We can implement a simple IPC system using Unix domain socks that does not
implicitly use malloc
. This is important for the discussion in
gallocy/issues/30 since it
implies that a multiprocess design can be written in a way that makes problems
discussed in gallocy/issues/20
and gallocy/issues/25
unncessary to solve.
As you know, gallocy is trying to provide a "transparent" or "implicit" interface to the application. This necessarily means that we transpose replacement memory and thread interface allocators it the process. This is extremely difficult to do correctly, and in some cases we've found it impossible (e.g., in libc's case). The root problem is that we need to use the system allocator/threads at the same time we're replacing them! This turns into a never ending war against the standard library, where gallocy is constantly trying to hide its existence from the actual running process, but periodically corrupting heaps in doing so.
One way I think we can get around this is by moving as much code as possible out of the runtime API and into a separate process. This separate process is a standard C++ application: it can use libraries, use the system allocator, etc., and is truly local state specific to that node. After all, it's a heavy process. This daemon would be responsible for maintaining the distributed vmm, consensus, networking, etc., and would participate in no function interposition black magic. It would also expose an explicit interface as a library: think gallocy_malloc, gallocy_free, gallocy_pthread_create, gallocy_pthread_join, etc. We would have some serious freedom and rule out entire classes of potential errors.
At this point the runtime API is just a library that does very little more than signal handling and function interposition. It still conducts black magic, but it does so without the worry that it is going to screw up its internal state (the primary reason why we're maintaining two allocators, custom types, custom threading symbols, and more). It would use the explicit interface by implementing a custom IPC protocol that we would need to develop.

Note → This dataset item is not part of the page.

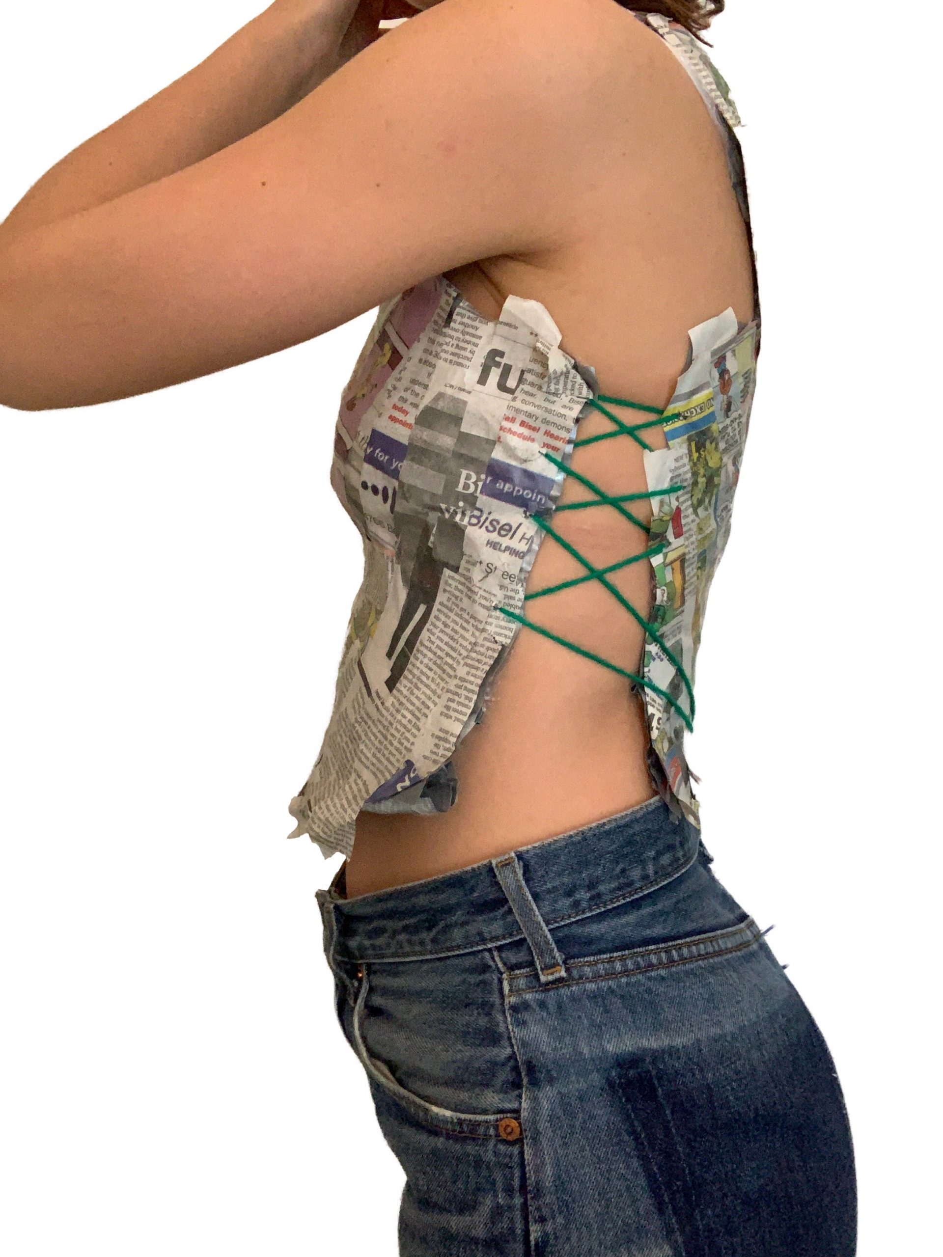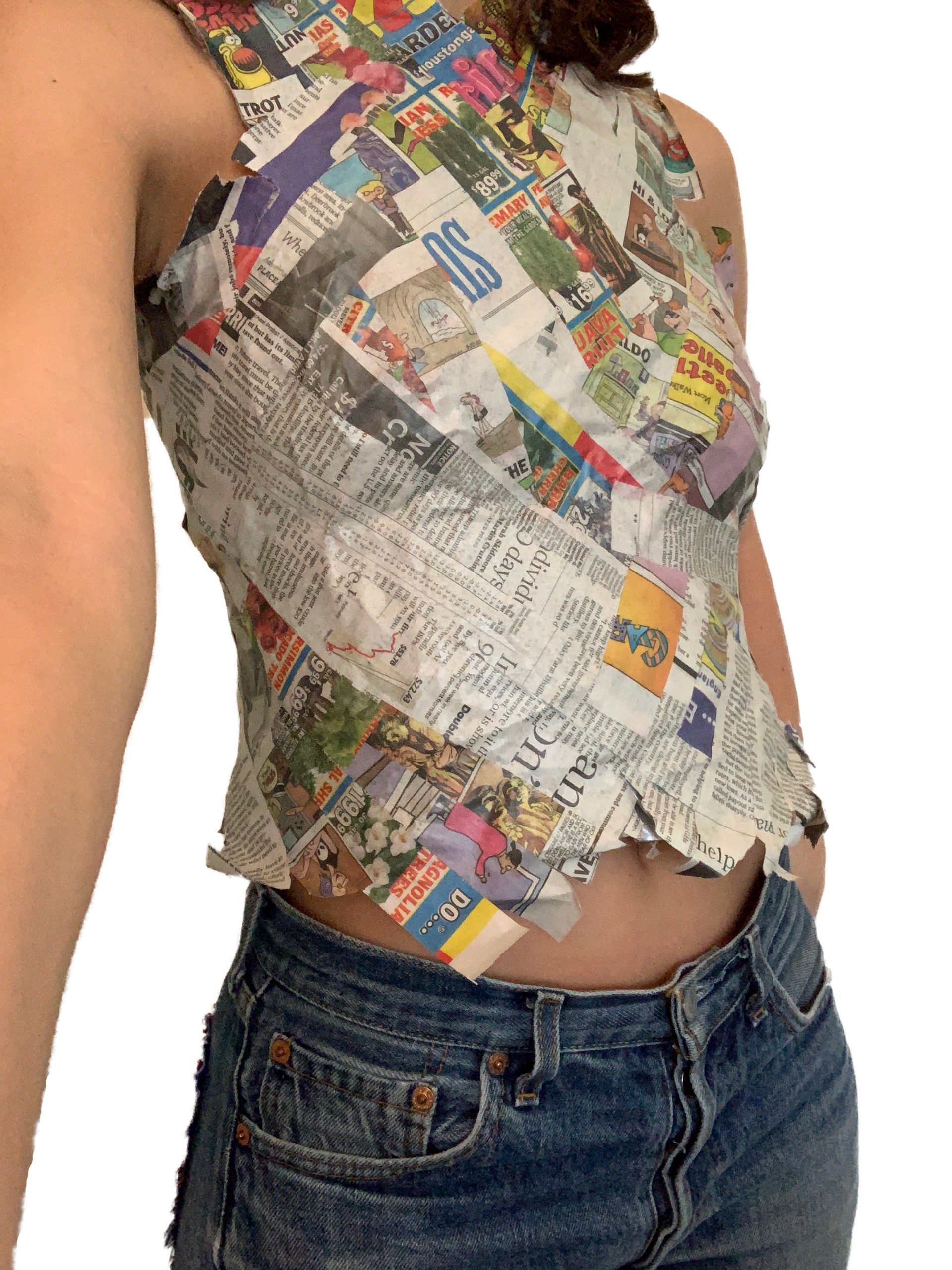 For my meaningful object, I chose to remake a knit sweater out of newspaper. Given the circumstances and materials available, I wanted to create a complete opposite of the materiality and feel of yarn. The piece was to challenge the way I used my object, what would happen if it became stiff. I created a mold using myself and duct tape, which I then covered in newspaper. I used newspaper that I bought at a gas station in Houston. The piece shows the different articles written about the coronavirus,and its interesting to read various snippets of information about things that were happening in the world.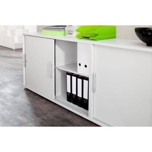 Der Schiebetürenschrank verfügt über zwei praktische Schiebetüren und eine Mittelseite, die Ihnen den Zugang zu Ihren Unterlagen erleichtern. Zudem ist er mit einem hochwertigen Druckzylinderschloss ausgestattet, wodurch er abschließbar ist und Ihre Dokumente sicher verstaut werden können. Die Chromgriffe aus Metall runden das designtechnische Gesamtbild ab.

This decision would make a few show stopping problems, like the libc issue, tractable: this design allows for us to maintain a single system allocator, so no memory allocation mismatch is possible. As long as we can implement the runtime interface such that it doesn't use the allocator (infinite loop) we simply add a IPC sync step to every allocation or fault. That sounds possible.
This design would add at ~5 microseconds to any transaction against the daemon if we chose a fast IPC like domain sockets or shared memory. I got these numbers by running a few tests using https://github.com/rigtorp/ipc-bench.
Am I missing anything super major or would this design work and make implementing the system substantially easier (and a lot, lot, lot safer). First order of business would be an investigation into if IPC uses the allocator, right? I can put together a few experiments.
Let's think of potential problems with this design and record them here.